UNHCR has published its assessment of the operation of CAO and Reception and Orientation Centres for Unaccompanied Children (CAOMI) so far. The report, following visits to 48 such centres, makes an overall positive assessment of the establishment of CAO as an efficient framework to allow people to register an asylum claim. UNHCR nevertheless stresses the need for more clarity and legal and financial certainty on the operation of the CAO and their role within the complex reception framework of the country. It also refers to the issue of access to services and cites CAO such as those in Decize or Dreux, established in urban centres, as good examples which enable residents to benefit from services and greater autonomy.

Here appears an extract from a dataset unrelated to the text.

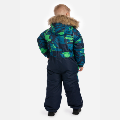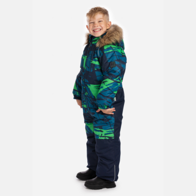 Children’s waterproof and windproof overall. Breathable fabric. Soft fabric on the inside. Integrated elastic band at sleeve and leg ends. Removable snap-on hood. Integrated zipper pocket at front. Waterproof taped seams. Elastic foot straps. Removable faux fur trim on hood. Reflective elements on fabric.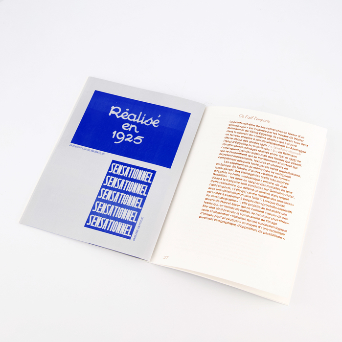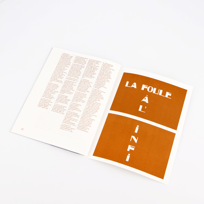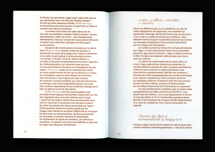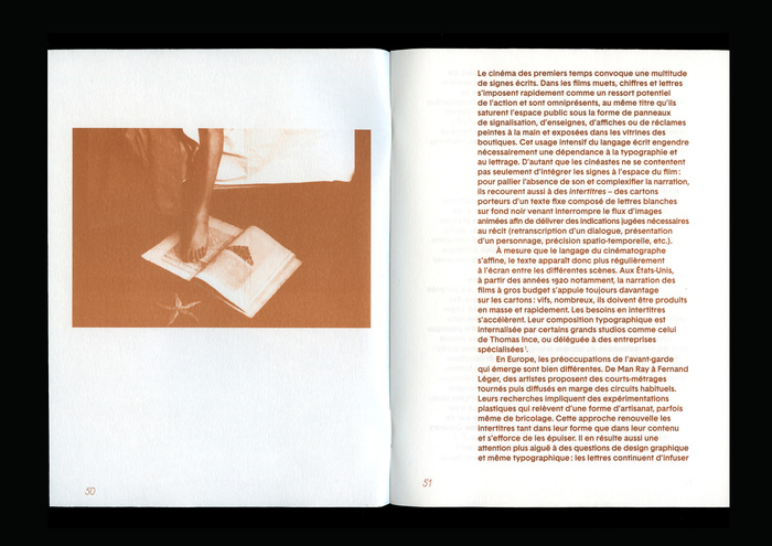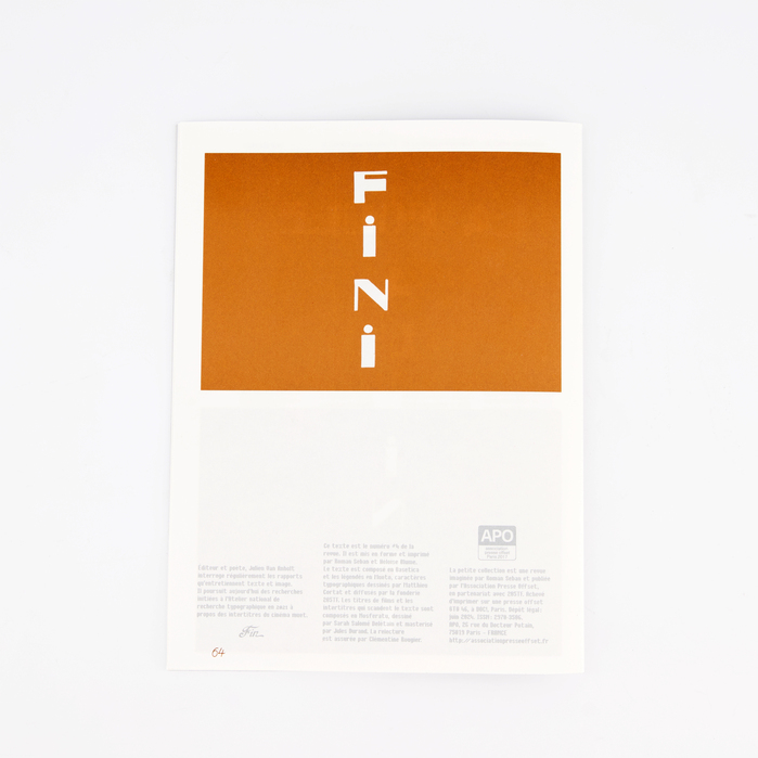 This is the fourth issue of La petite collection, designed by Bureau Roman Seban. As with every issue, the number is printed on the cover and the colophon on the back cover, typeset in Bertin (here in Square style), the body text is set in Basetica, the captions in Muoto, all available from 205TF. The film titles and subheadings that punctuate the text are set in Nosferatu.

As regards the situation of 1,693 unaccompanied children accommodated from Calais and Grande-Synthe, UNHCR recalled that the evacuation was carried out in a climate of “great confusion”, as children were transferred to CAOMI without any information on destination or possible solutions. Transfers to the UK also operated in opacity, without clear information on the criteria applied by the British authorities. While the report refers to a total 850 children accepted by the UK so far, recent written statements in the UK House of Commons reiterate the Home Office position that “it is vital that children claim asylum in France; that is the fastest route to safety.”

Police operations

For its part, the French Ministry of Interior has published an assessment of police and security operations in the area of Calais. The Ministry highlights the “particularly difficult context” in which police forces operate and commits to maintaining controls at the border and to preventing the re-establishment of makeshift camps. It also refutes cases of police abuse reported by Human Rights Watch last summer.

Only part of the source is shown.